Records from a data collection
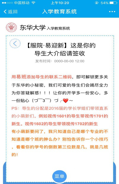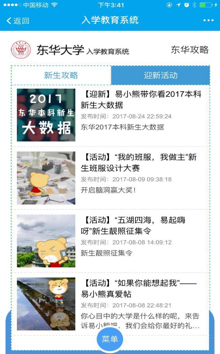 “易”路同行,一路真情相伴。暑假期间,我校58名专兼职新生辅导员全部进驻易班为新生答疑解惑,东华易班机构号为新生们量身定做了10个迎新“大礼包”精品帖,报到流程、各学院入学教育日程表、家长会查询、校园一卡通使用视频等一应俱全,发布至今,累计浏览量10万多人次。
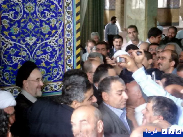 در حالی که خاتمی از پشت سر آنها(کسانی که روی صندلی های درب مسجد برای خوش آمد گویی نشسته بودند)حرکت می کرد آقای فلاح زاده استاندار یزد صندلی خود را به عقب کشید و راه را برای حضور آقای خاتمی باز کرد.
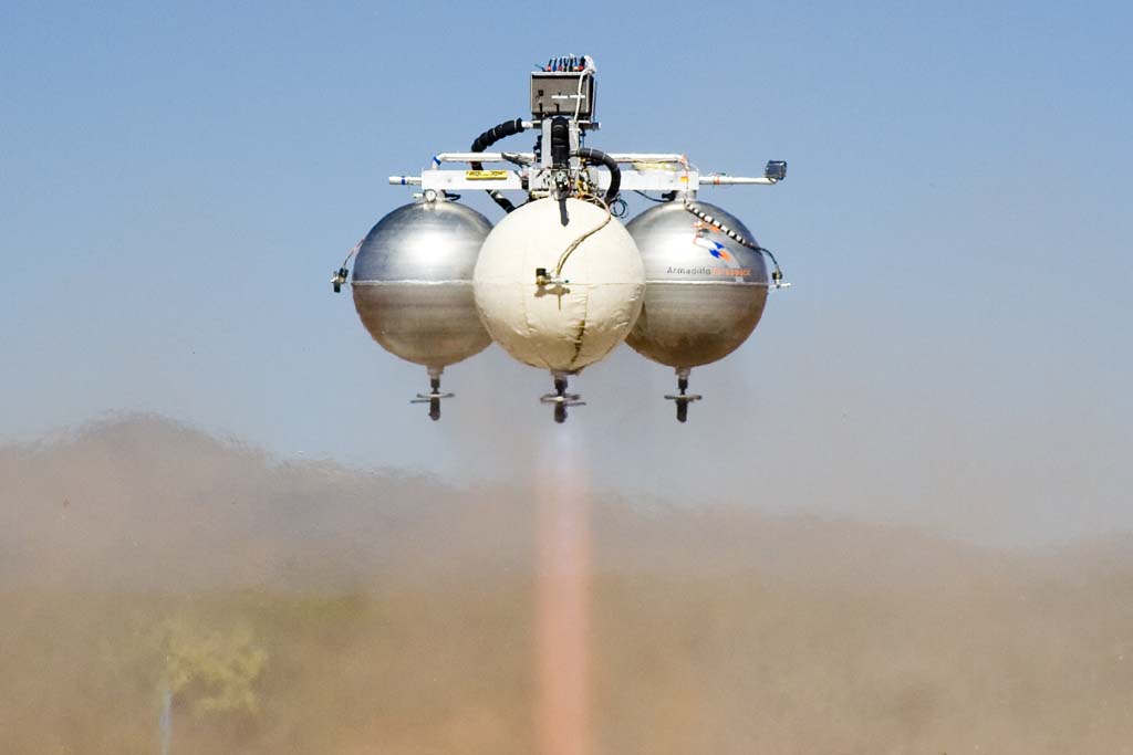 2008년 달 착륙선 챌린지에서는 트루제로(TrueZer0) 팀과 경쟁했다. 아르마딜로는 레벨 1 첫 번째 시도에서 추력이 부족하여 일찍 착륙했고, 두 번째 시도에서는 첫 번째 구간을 완료했지만, 두 번째 구간은 미국 연방 항공청(FAA)가 비행 시간을 종료하여 중단되었다. 이후 두 번째 구간을 완료하여 레벨 1 최고 상금인 350000USD를 받았다.[18] 레벨 2 상금에 도전하려 했으나 연료 라인 문제로 엔진 케이스가 타버려 차량이 전복되면서 중단되었다.
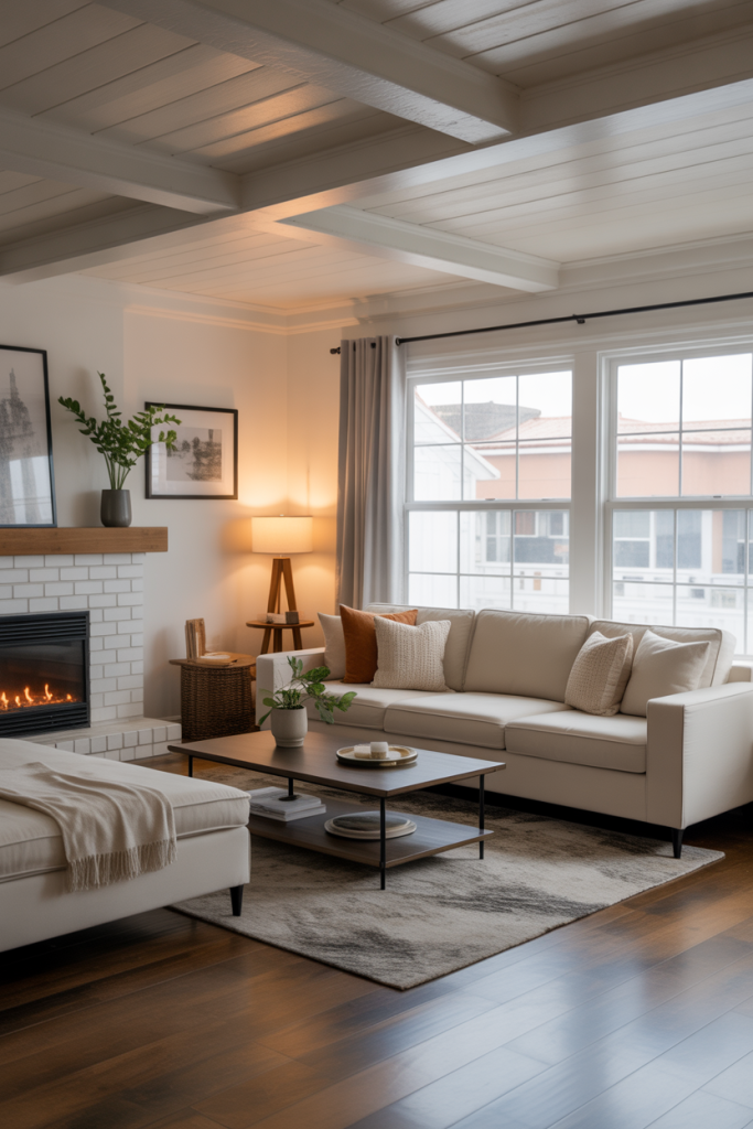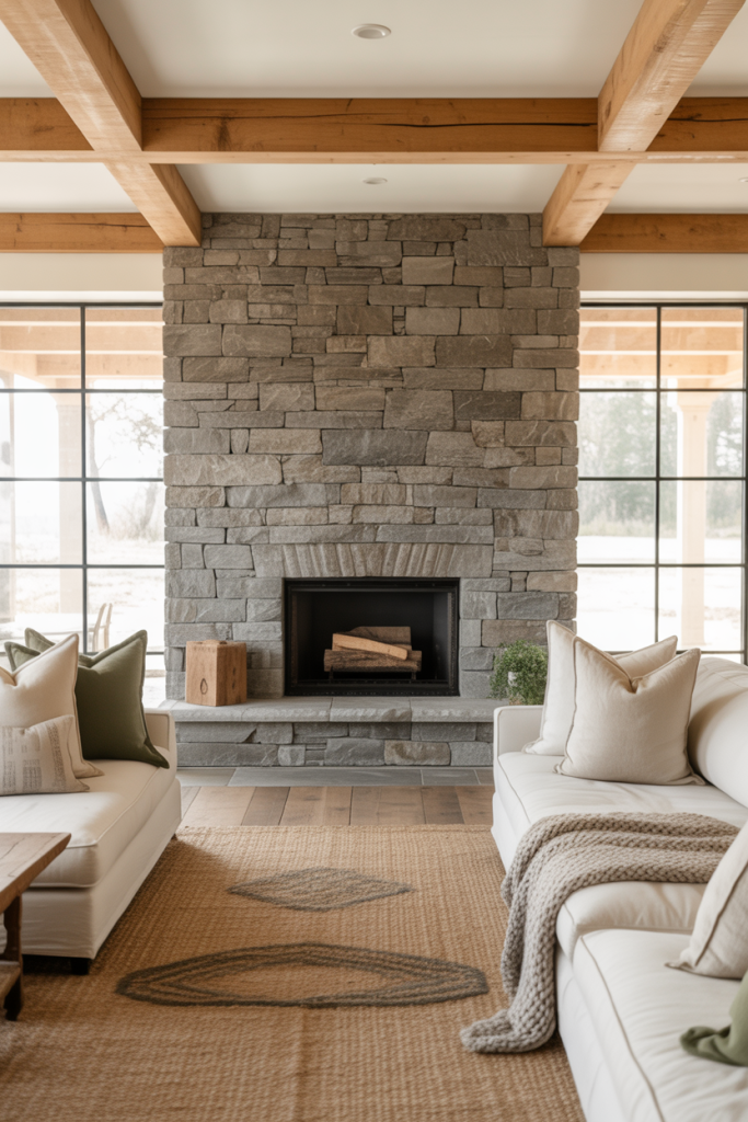 A stone-clad fireplace makes for a cozy modern farmhouse room, especially when surrounded by rustic beams and layered neutrals that inspire something new. One designer friend once mentioned that nothing grounds a space like natural stone, and she was right—families always seem to gravitate toward it instinctively. Add a soft rug, a relaxed layout, and simple greenery to keep it feeling timeless in 2026.
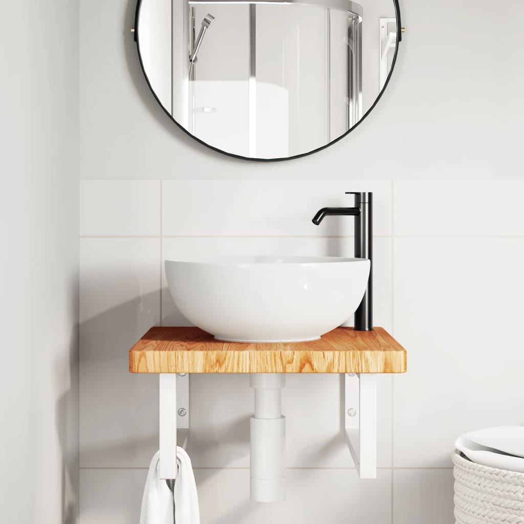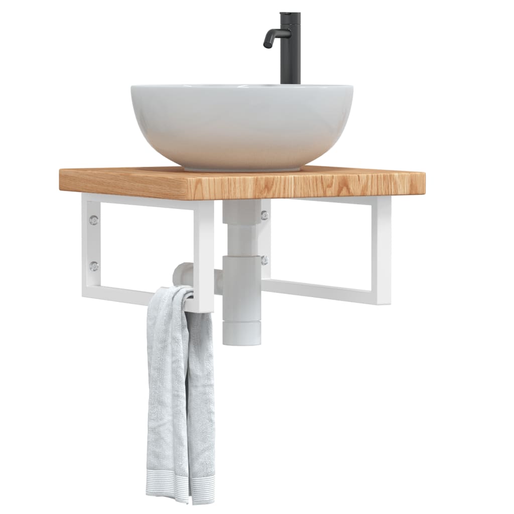 Raft pentru lavoar montat pe perete, oțel și lemn masiv stejar GartenMobel Dekor
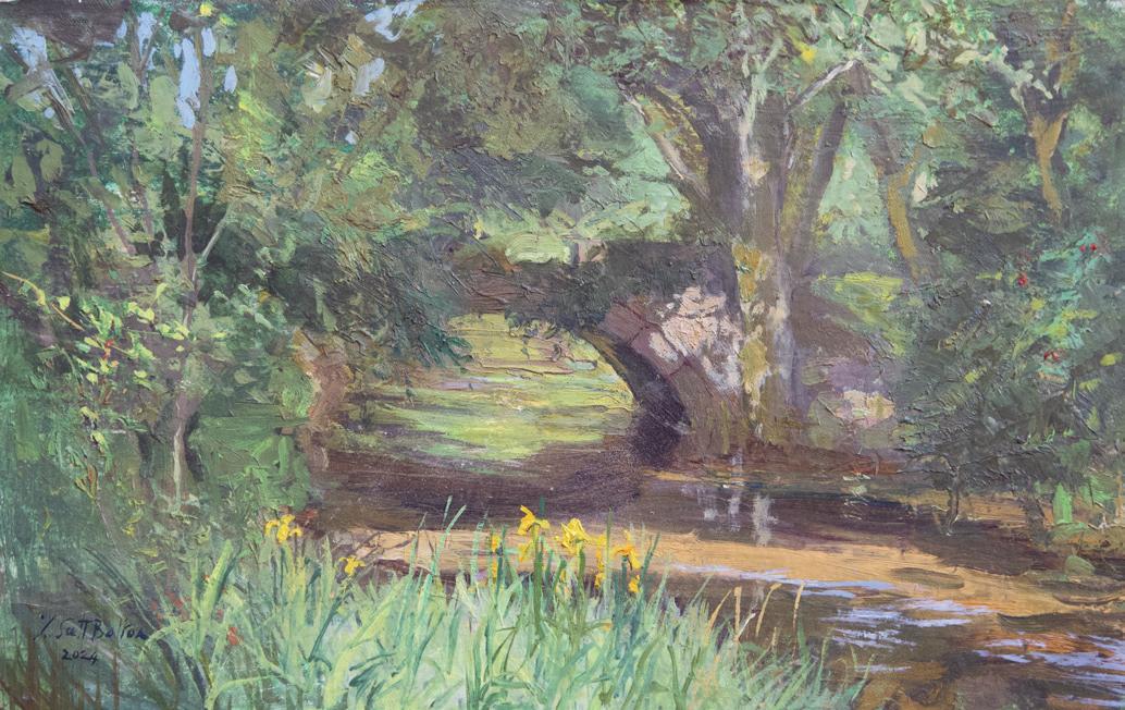 Gunville Cottages, now only a bridge over the river where there used to be a weir. This is a small oil painted on a hot summer’s afternoon.
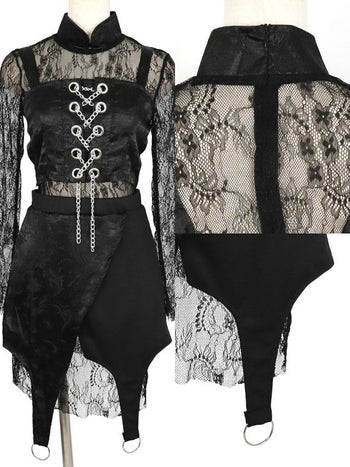 ブラックレースが色っぽさを高める♡ SALE【コスプレ】セットアップ セクシー 長袖 レース バニー 衣装5点セット[レースワンピース+ビスチェ+トップス+スカート+インナーパンツ+カチューシャ]
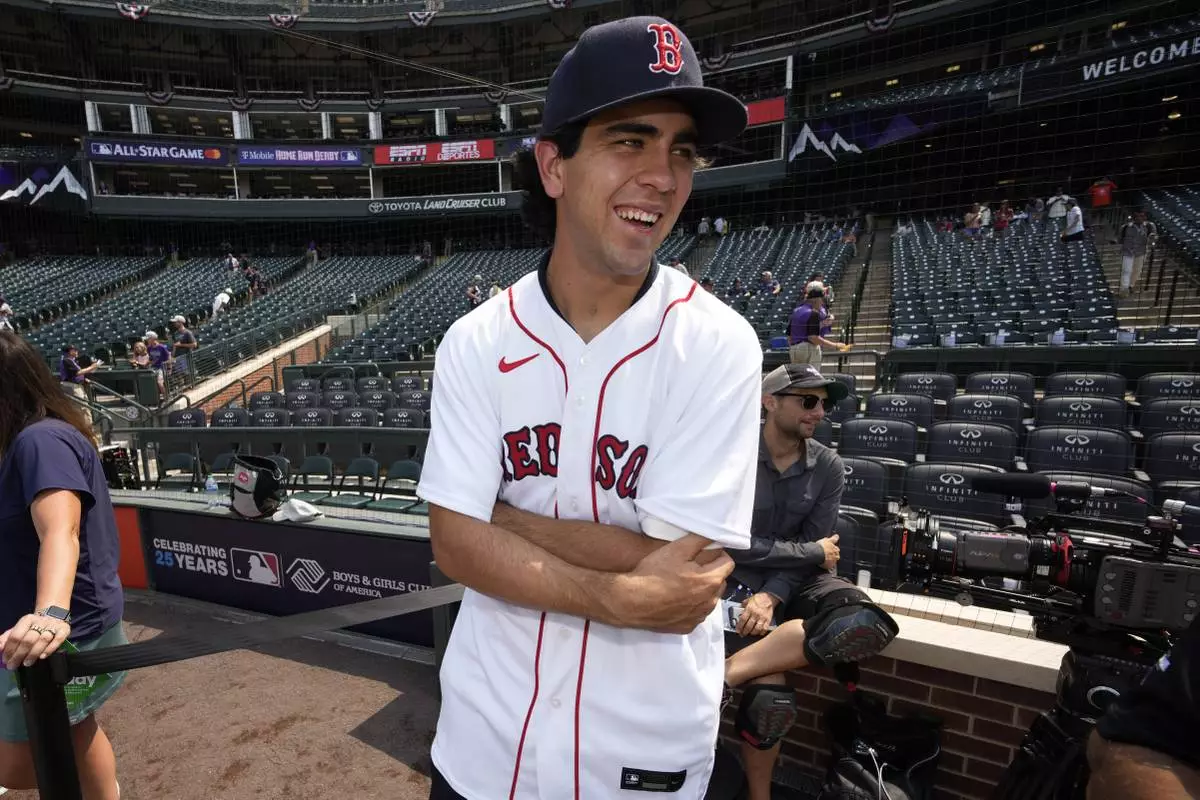 FILE - Boston Red Sox first round draft pick Marcelo Mayer watches batting practice for the MLB All-Star baseball game, Monday, July 12, 2021, in Denver. (AP Photo/David Zalubowski,File)

__To do__.
In the answer, give only the lines from the top of the data above through the line with "در حالی که خاتمی", reproduced exactly; no picture may appear.

__Result for this task__.
 “易”路同行,一路真情相伴。暑假期间,我校58名专兼职新生辅导员全部进驻易班为新生答疑解惑,东华易班机构号为新生们量身定做了10个迎新“大礼包”精品帖,报到流程、各学院入学教育日程表、家长会查询、校园一卡通使用视频等一应俱全,发布至今,累计浏览量10万多人次。
 در حالی که خاتمی از پشت سر آنها(کسانی که روی صندلی های درب مسجد برای خوش آمد گویی نشسته بودند)حرکت می کرد آقای فلاح زاده استاندار یزد صندلی خود را به عقب کشید و راه را برای حضور آقای خاتمی باز کرد.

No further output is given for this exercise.